Pokemon-Themed Umbreon Rootkit Targets Linux Systems On ARM and x86

New submitter Kinwolf writes: Security researchers have identified a new family of Linux rootkits that, despite running from user mode, can be hard to detect and remove. Called Umbreon, after a Pokemon character that hides in the darkness, the rootkit has been in development since early 2015 and is now being sold on the underground markets. [It targets Linux-based systems on the x86, x86-64 and ARM architectures, including many embedded devices such as routers.] According to malware researchers from antivirus firm Trend Micro, Umbreon is a so-called ring 3 rootkit, meaning that it runs from user mode and doesn't need kernel privileges. Despite this apparent limitation, it is quite capable of hiding itself and persisting on the system. The reports adds: "The rootkit uses a trick to hijack the standard C library (libc) functions without actually installing any kernel objects. Umbreon hijacks these functions and forces other Linux executables to use its own libc-like library. This puts the rootkit in a man-in-the-middle position, capable of modifying system calls made by other programs and altering their output. The rootkit also creates a hidden Linux account that can be accessed via any authentication method supported by Linux, including SSH (Secure Shell). This account does not appear in files like /etc/passwd because the rootkit can modify the output of such files when read, the Trend Micro researchers said in a blog post. Umbreon also has a backdoor component called Espereon, named after another Pokemon character, that can establish a reverse shell to an attacker's machine when a TCP packet with special field values are received on the monitored Ethernet interface of an affected device."

Re:How is this possible?

[ewhac]

The TrendMicro article off-handedly mentions that this malware is installed manually, suggesting physical access to the victim machine is required. This isn't so ridiculous an idea if the victim's machine doesn't have their screensaver set to lock the console (by default, xscreensaver doesn't do this); and if the victim's 'sudo' timeout is sufficiently long (default: 15 minutes).

Re:How is this possible?

[jandrese]

It doesn't even need sudo access. It sounds like it does s LD_PRELOAD on libc and then traps any calls that would identify it.

From TFA, How to...

[BringsApples]

How to detect Umbreon:

Most of the tools you will find in Linux are written in C. Even programs written in Perl, Python, Ruby, PHP and other scripting languages end up calling GNU C Library wrappers as their interpreters are also written in C. Because Umbreon library hooks libc functions, creating a reliable tool to detect Umbreon would require a tool that doesn’t use libc.

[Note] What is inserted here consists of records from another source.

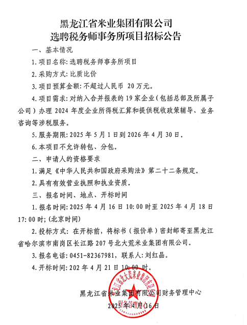 黑龍江省米業(yè)集團有限公司選聘稅務(wù)師事務(wù)所項目招標公告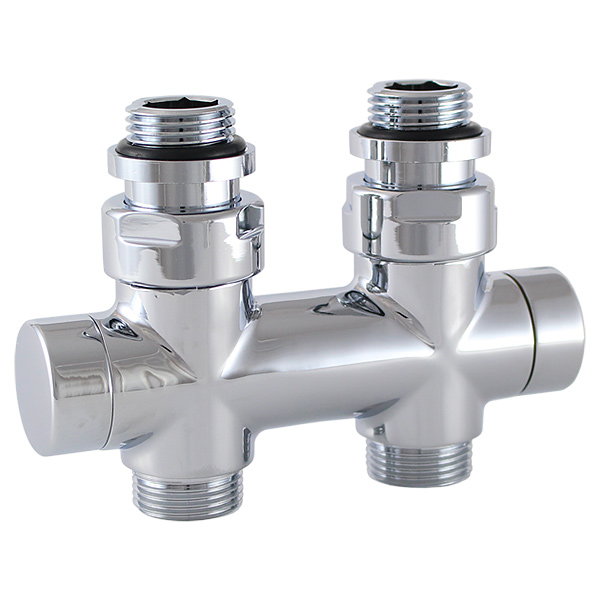 négyjáratú szelep egycsöves üzemre, előbeállítható, fehér kivitel, csatlakozó tengelytávolság - 50 mm, fűtőtest-csatlakozás G 3/4 - 1/2" hollandis, csőcsatlakozás M 22 x 1,5 kónuszos. Csatlakozó-csavarzat külön rendelendő!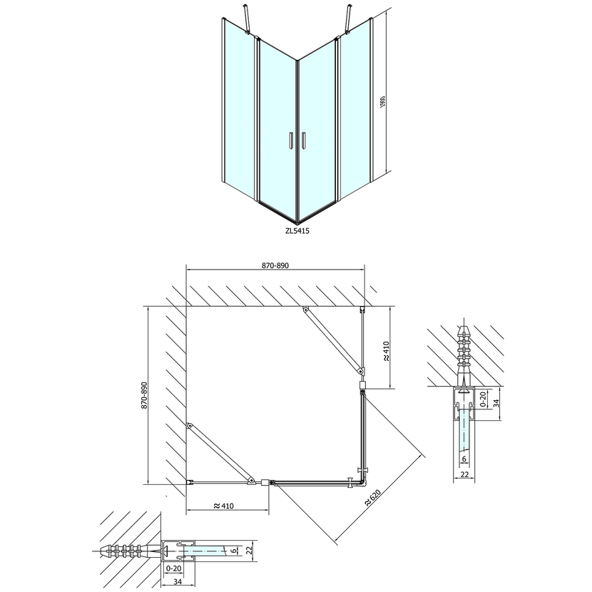 - Dvojkřídlé dveře 800, 900, 1000 a 1200 mm jsou vhodné pouze pro instalaci do niky, nelze je kombinovat s boční stěnou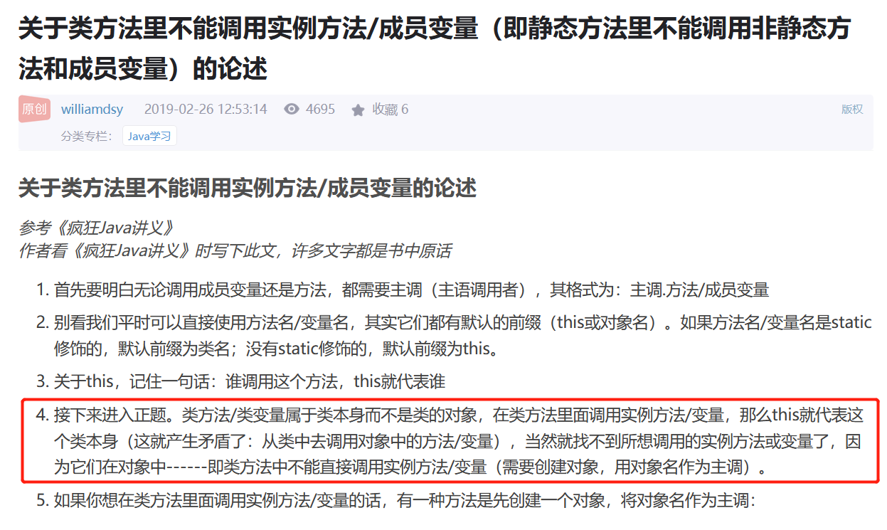 关于类方法里不能调用实例方法/成员变量(即静态方法里不能调用非静态方法和成员变量)的论述

One way is to develop a small tool to list the contents of the default Umbreon rootkit folder using Linux kernel syscalls directly. This bypasses any malicious C library installed by Umbreon. If the output contains one or more files with names starting with libc.so followed by a random integer, this is the red flag that suggests Umbreon is installed in the machine.

We have also created YARA rules that detect Umbreon, which can be downloaded here.

Removal Instructions

Umbreon is a ring 3 (user level) rootkit, so it is possible to remove it. However, it may be tricky and inexperienced users may break the system and put it into an unrecoverable state. If you are brave enough to proceed, the easiest way is to boot the affected machine with Linux LiveCD and follow the steps:

Mount the partition where the /usr directory is located; write privileges are required.
Backup all the files before making any changes.
Remove the file /etc/ld.so..
Remove the directory /usr/lib/libc.so..
Restore the attributes of the files /usr/share/libc.so...*.so and remove them as well.
Patch the loader library to use /etc/ld.so.preload again.
Umount the partition and reboot the system normally.

Time to go back to a.out for system utilities?

This was actually a contentious issue when the shift to ELF happened back in the 90s on Linux. There was a debate over whether it was better to have fixed binaries that if improperly programmed could have security issues, but were only trojanable if a successful elevation attack took place, or ELF binaries which would allow all sorts of fun relocation features, help cut down on memory usage by making symbols easier to relocate, which could also be used with dynamic address relocation (not actually available on Linux for quite a few more years.) to enhance security by making stack smashing attacks more difficult. But as a big potential downside in regards to ELF files, they allowed library preloading in a manner indistinguishable from normal operation, which is a boon for ensuring future portability of binaries, but a huge bane for system integrity and security.

And now we have an example of that being true at the unprivileged user level. The only thing I am not sure about is if they can escalate privileges, since suid binaries are explicitly supposed to ignore LD_PRELOAD settings to ensure such trojaning doesn't happen.

Re:Time to go back to a.out for system utilities?

[TheRaven64]

Note that this is a rootkit. The purpose of a rootkit is to retain access to a system that you've already compromised, without being detected. The goal is that normal system administration tasks won't suddenly lock you out. For example, when the user updates their coreutils package, the package installer doesn't fail because your evil binaries have the wrong signature and your binaries are not replaced by uncompromised ones.